Carnegie Mellon hacking team finishes 2nd at DefCon

Daniel Tkacik

Aug 9, 2021

PPP team member — **Source:** CyLab

A member of Carnegie Mellon’s hacking team, PPP, competes in the DefCon Capture the Flag competition in 2015. This year, the competed remotely.

Carnegie Mellon’s hacking team, the Plaid Parliament of Pwning (PPP), placed 2^nd this weekend at the annual DefCon cybersecurity conference’s Capture the Flag competition, widely regarded as the “Olympics of Hacking.”

“These are Olympic-level hackers who come from across the world to show their skills,” said Zardus, a pseudonym of a hacker who helped organize and run this year’s competition, at the DefCon closing ceremonies on Sunday.

As cybersecurity threats continue to grow and countless attacks make the daily headlines, competitions like DefCon's digital Capture the Flag give an opportunity for the most talented cybersecurity engineers to measure up against one another and learn about new techniques.

These are Olympic-level hackers who come from across the world to show their skills.
Zardus, pseudonym of a hacker who helped organize this year's competition

Over the course of the 72-hour hacking spree, teams of hackers worked to steal digital flags from their opponents’ computer servers while simultaneously trying to protect their own. Sixteen qualifying teams took part in this year’s competition, representing China, Israel, Italy, Romania, South Korea, Sweden, Taiwan, and the United States. Some teams participated in-person at the conference venue in Las Vegas, while others—including PPP—participated remotely.
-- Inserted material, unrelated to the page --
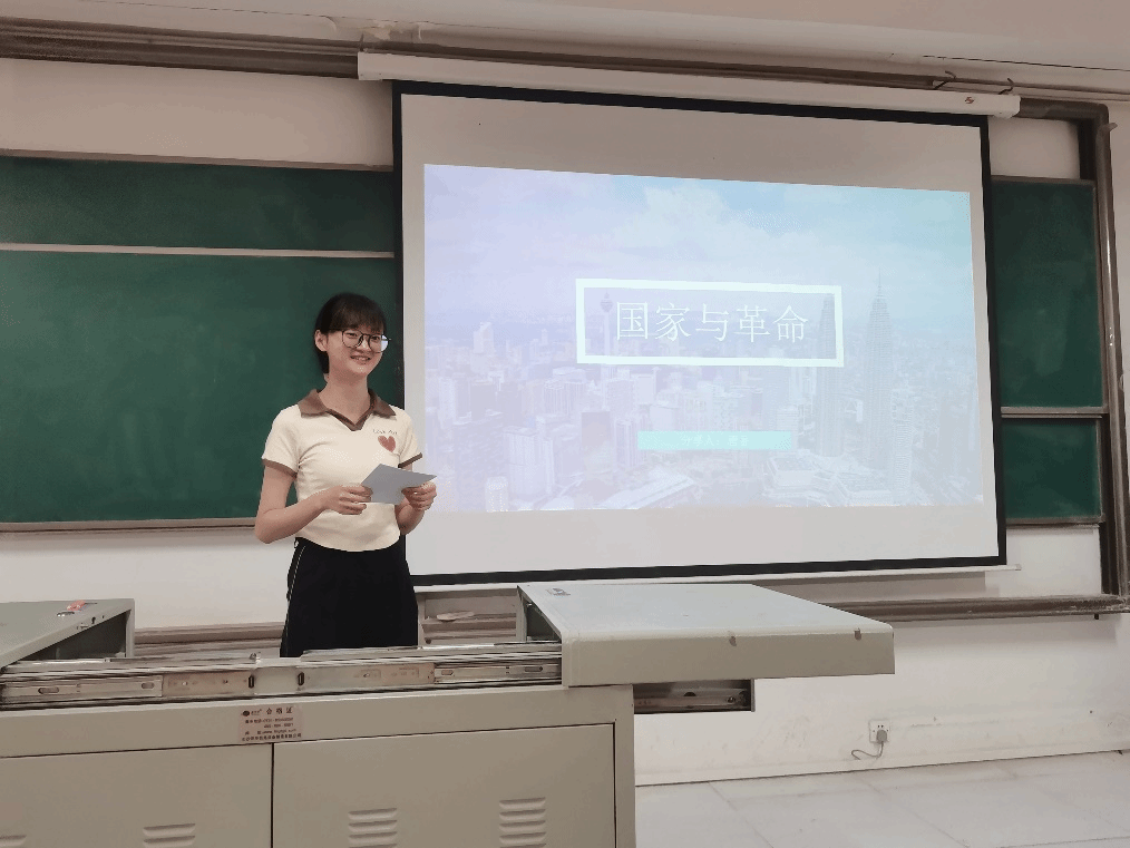 唐老师主要从写作背景、基本思想和当代意义三个方面进行讲述。首先是从思想原因和实践原因两个方面介绍了该著作的写作背景。从思想原因层面来看,是为了清除以伯恩斯坦、考茨基为首的第二国际机会主义者和其他资产阶级学者在国家问题上制造的种种错误观念;从实践原因层面来看,1917年俄国二月革命以后,形成了工兵代表苏维埃和资产阶级临时政府两个不同性质的政权共处的局面,但同年7月,资产阶级临时政府发动政变,使全部政权落到其手中,无产阶级只有举行武装起义,推翻资产阶级政权才能建立无产阶级专政。其次是介绍了《国家与革命》的基本思想。一是无产阶级要用暴力革命打碎资产阶级国家机器,必须系统地教育群众正确认识暴力革命,把暴力夺取革命政权当作一般规律;二是无产阶级专政是新型民主和新型专政有机结合的国家,列宁强调无产阶级专政的民主性是把民主制度大规模扩大,使它第一次成为穷人的、人民的而不是富人的民主制度;三是关于未来社会的发展阶段,列宁在马克思主义关于阶段论的基础上,详细地论述了未来社会发展的三个阶段。最后是讲述了从文本中所领悟到的现实意义。通过阅读《国家与革命》,从中体会到要科学把握无产阶级民主与专政的国家,坚定不移地巩固人民民主专政的国体,需要认识到社会主义现代建设和共产主义建设的长期性,坚定共产主义信念,像马克思那样为共产主义奋斗终身。
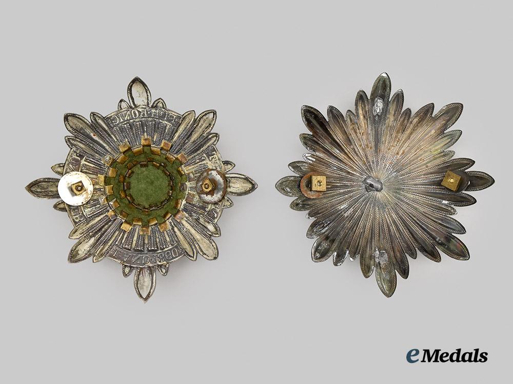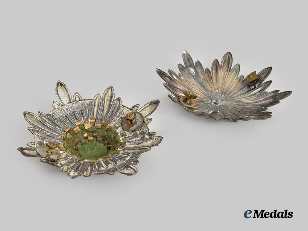 2. A Saxon plate, constructed of silvered bronze, the obverse consisting of a vaulted eight-pointed starburst, overlaid by a central crowned and wreathed Saxon coat of arms, the reverse with two threaded screwposts retaining original nuts and washes, unmarked, measuring 12 cm (w) x 12 cm (h), in extremely fine condition.

DefCon scoreboard — **Source:** @oooverflow

The battle was absolutely fierce with the teams competing across several domains: web, bare metal ruby, network devices, and hyper visor escapes!

PPP was in 2^nd place overall heading into Sunday, with 693 points to team Katzebin from China with 783 points. On the final day of competition, all teams’ scores and placements were intentionally hidden by the organizers, sending everyone into a hacking frenzy.

“There was this war of attrition. Exploit after exploit, stealth attacks, strategic disclosure of vulnerabilities,” said Zardus. “It was wild.”

PPP came up just short of the top spot by the end. Katzebin finished with 869 points, besting PPP’s score of 825. While only 44 points separated first and second place, the third place team, Tea Deliverers from China, finished 274 points behind PPP with a score of 551.

PPP first formed in 2009 and began competing at DefCon in 2010. The team previously won DefCon titles in 2013, 2014, 2016, 2017, and 2019.